Smeltz, Jonathan Brett
http://rave.ohiolink.edu/etdc/view?acc_num=bgsu1522982074568612

Abstract Details

2018, Master of Science (MS), Bowling Green State University, Geology.
Alkali-aggregate reactions (AAR), including alkali-carbonate reactions (ACR) and alkali-silica reactions (ASR), may be a cause of premature degradation of concrete. Conventional ASTM testing suggested that some NW Ohio sourced dolostone aggregates were susceptible to AAR. However, these tests do not provide direct evidence of AAR and may take up to a year to perform.
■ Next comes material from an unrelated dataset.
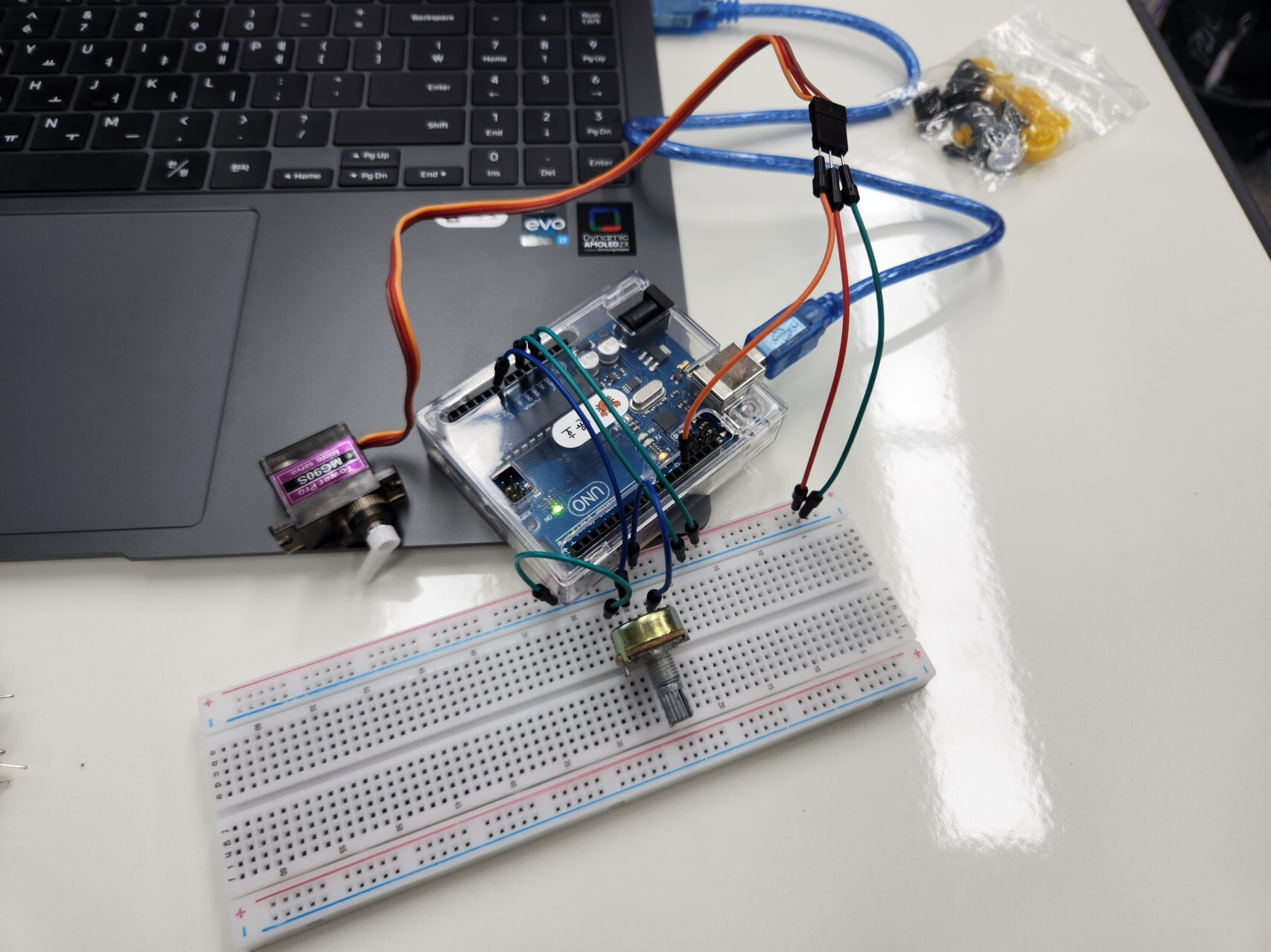 아래와같이 회로를 구성하고, 코드를 실행하면 가변저항을 돌리는것에따라 서보모터의 각도도 조절되는것을 볼 수 있다.

Therefore, this study was performed using modern analytical techniques to investigate AAR susceptibility of crushed dolostone sources through dolomite crystal texture analysis, evaluation of impurities, etc., as well as to directly detect AAR-type byproducts in concrete. PLM, insoluble residue testing, XRD, XRF, ICP-OES, and SEM/EDS analyses were conducted on aggregate and concrete samples. The results of these analyses suggest that there was a definitive relationship between dolomite formation conditions and ASR susceptibility but the relationship with dedolomitization was less straightforward. Impure, fine-grained dolostone aggregates with planar textures may be more prone to ASR and associated expansion. These aggregates contain greater concentrations of silica, which are proportional to concentrations of dissolved silicon in highly alkaline environments. In the concrete samples, the presence of reaction rims and carbonate haloes containing calcite and brucite indicated dedolomitization occurred in all samples, even at 28 days, due to the highly alkaline concrete pore solutions. However, the conspicuous presence of dedolomitization was not associated with deleterious expansion in the year-long test. ASR, which may be promoted by dedolomitization, is the likely cause of expansion and degradation due to AAR. ASR was not abundantly observed due to the short curing duration of the concrete in addition to the low-alkali cement and the relatively unreactive intercrystalline alpha quartz grains. Future research should focus on the analysis of potentially deleterious sources using modern analytical methods along with routine ASTM tests.
John Farver, PhD (Advisor)
James Evans, PhD (Committee Member)
Yuning Fu, PhD (Committee Member)
769 p.
Geochemistry; Mineralogy; Sedimentary Geology
Dolomite Textures; Concrete; AAR; ASR; ACR; Alkali-Aggregate Reactions; Dedolomitization; Alkali-Silica Reactions; Alkali-Carbonate Reactions; Industrial Mineralogy; Mineralogy; Geochemistry; Sedimentary Geology; Geology; Ohio Geology

Recommended Citations

Citations

  • Smeltz, J. B. (2018). Dedolomitization and Alkali-Silica Reactions in Ohio-Sourced Dolostone Aggregates [Master's thesis, Bowling Green State University]. OhioLINK Electronic Theses and Dissertations Center. http://rave.ohiolink.edu/etdc/view?acc_num=bgsu1522982074568612

    APA Style (7th edition)

  • Smeltz, Jonathan. Dedolomitization and Alkali-Silica Reactions in Ohio-Sourced Dolostone Aggregates . 2018. Bowling Green State University, Master's thesis. OhioLINK Electronic Theses and Dissertations Center, http://rave.ohiolink.edu/etdc/view?acc_num=bgsu1522982074568612.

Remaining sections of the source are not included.